HIV cases more than double in Middle East and North Africa
Cases of HIV have more than doubled in the Middle East and North Africa over the last decade, new research shows.
The number of new HIV infections in five countries – Jordan, Tunisia, Egypt, Morocco, and Lebanon – have risen by 116 per cent since 2010 and are expected to rise even further, according to a report from the charity Frontline Aids.
Ongoing conflicts and displacement, which have placed people in the region more at risk of HIV infection, are partly to blame for the rise, the report's authors say.
High levels of stigma in the region – including laws banning homosexuality – have also created barriers for vulnerable populations to access life-saving HIV prevention and treatments.
At least 22,962 cases of HIV were recorded in 2023, compared to less than 11,000 cases in 2010. The rise bucks global trends, which have seen a 39 per cent decrease in new HIV infections over the same period.
'This is a crisis. The MENA region is being left behind. Without urgent investment and action, we could see the HIV epidemic escalating at an unprecedented rate,' said Golda Eid, Programmes Lead at Frontline AIDS.
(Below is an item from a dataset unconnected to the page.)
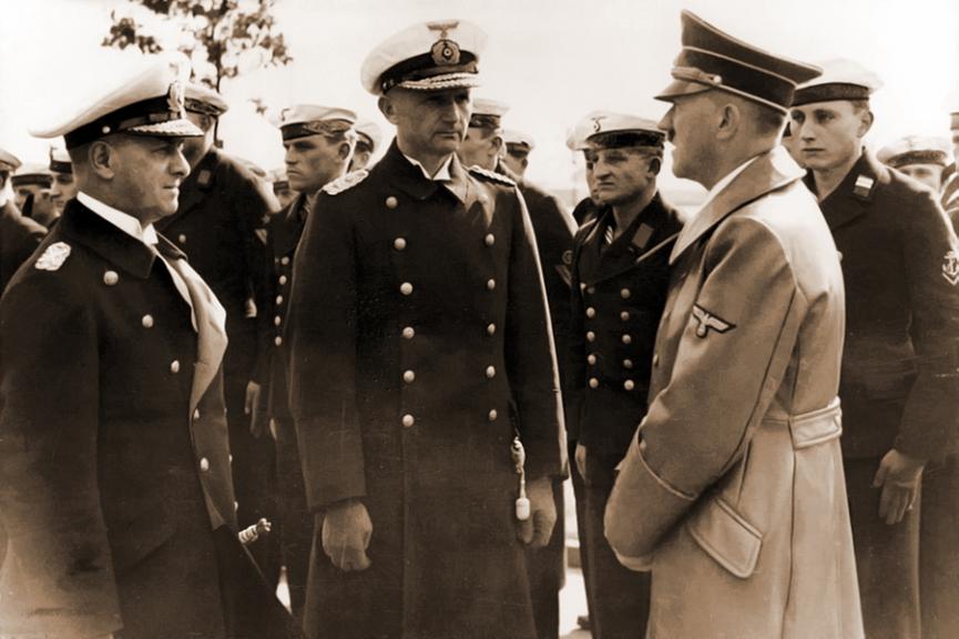 Будучи с 30 января 1943 года главнокомандующим военно-морскими силами Германии, Дениц объявляет себя лишь «первым солдатом военно-морских сил» и всячески отрицает своё участие в политической деятельности гитлеровской Германии. Однако Дениц признаёт, что он положительно относился к «идеям» гитлеризма и восхищался Гитлером.

The report warns that limited political will and inadequate funding to tackle HIV in the MENA region are resulting in spiralling numbers of infections.
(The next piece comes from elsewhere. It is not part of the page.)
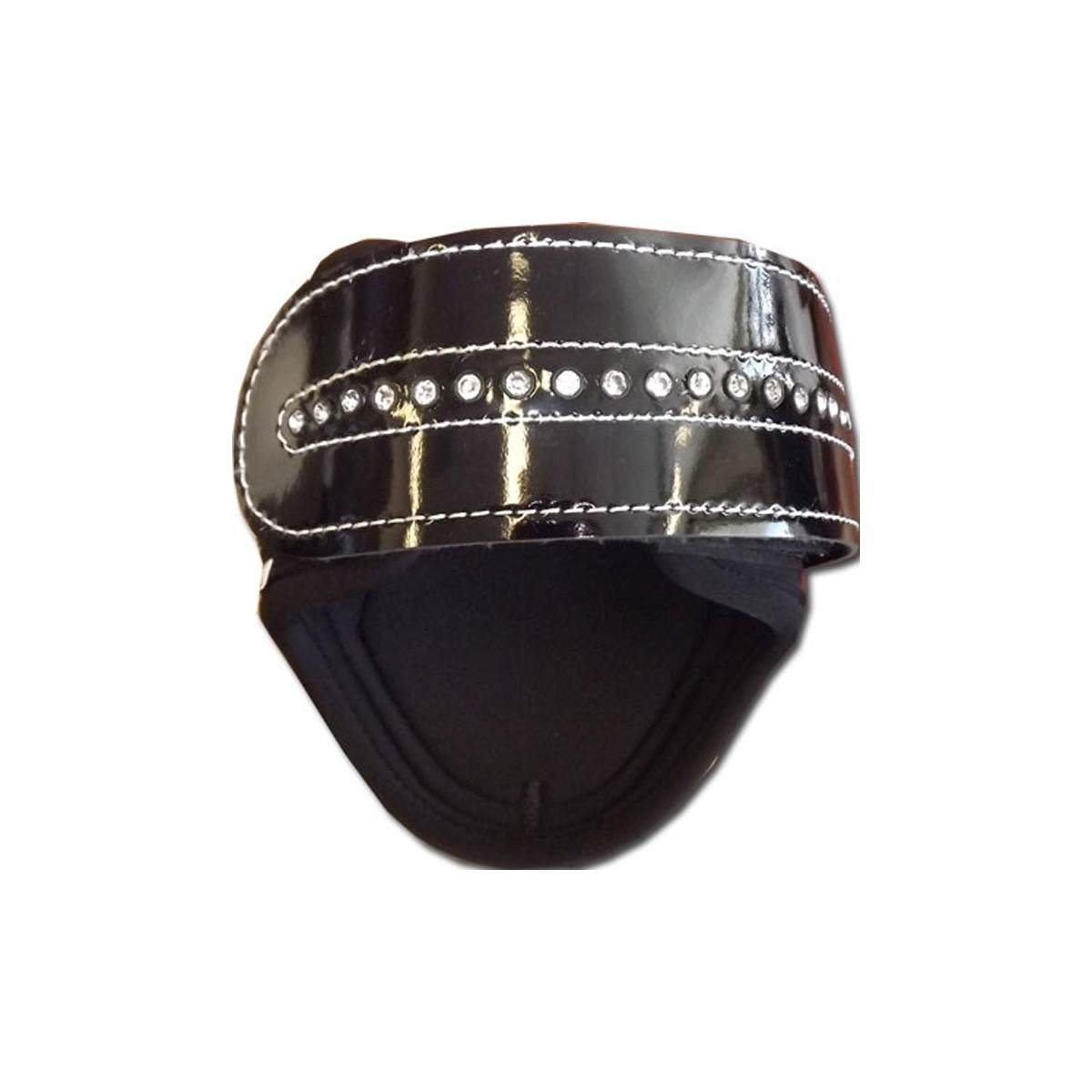 The Ascot Crystal Fetlock Boot has a stylish patent look with secure velcro straps. This boot features neoprene lining for added comfort to your horses leg and a line of white crystals for an added touch of prestigious flair!

'I believe the actual numbers are much higher than those reported. The 116 per cent increase is linked to very limited testing coverage, and the size of the key affected population is not well known,' said Dr Mohammed El Khammas, Head of International Actions at Association for the Fight Against AIDS.
Despite surging infections, in 2023 the MENA region received less than one per cent of global funding for HIV, which Frontline Aid says leaves an 85 per cent funding shortfall to provide effective HIV response.
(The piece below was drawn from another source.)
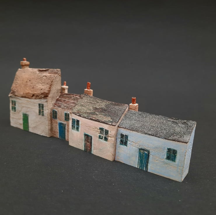 14 cms row of cottages in sycamore, ash and elm with bark roofs.

The report comes at the same time as experts have warned that US and UK aid cuts could trigger a huge resurgence in HIV cases, particularly in Africa, with up to 10.8 million more people expected to be infected globally by 2030 as critical HIV programmes are slashed.
'The current cuts to Pepfar and USAID-supported programmes have already disrupted access to essential HIV services, including for antiretroviral therapy and HIV prevention and testing,' said Dr Debra ten Brink, a scientist at Australia's Burnet Institute.
'Looking ahead, if other donor countries reduce funding, decades of progress to treat and prevent HIV could be unravelled.'
Frontline Aids is now calling for stronger political leadership, increased funding programs, the destigmatisation of key populations, improved service delivery, and integration of HIV into general humanitarian response to reduce the surge in infections.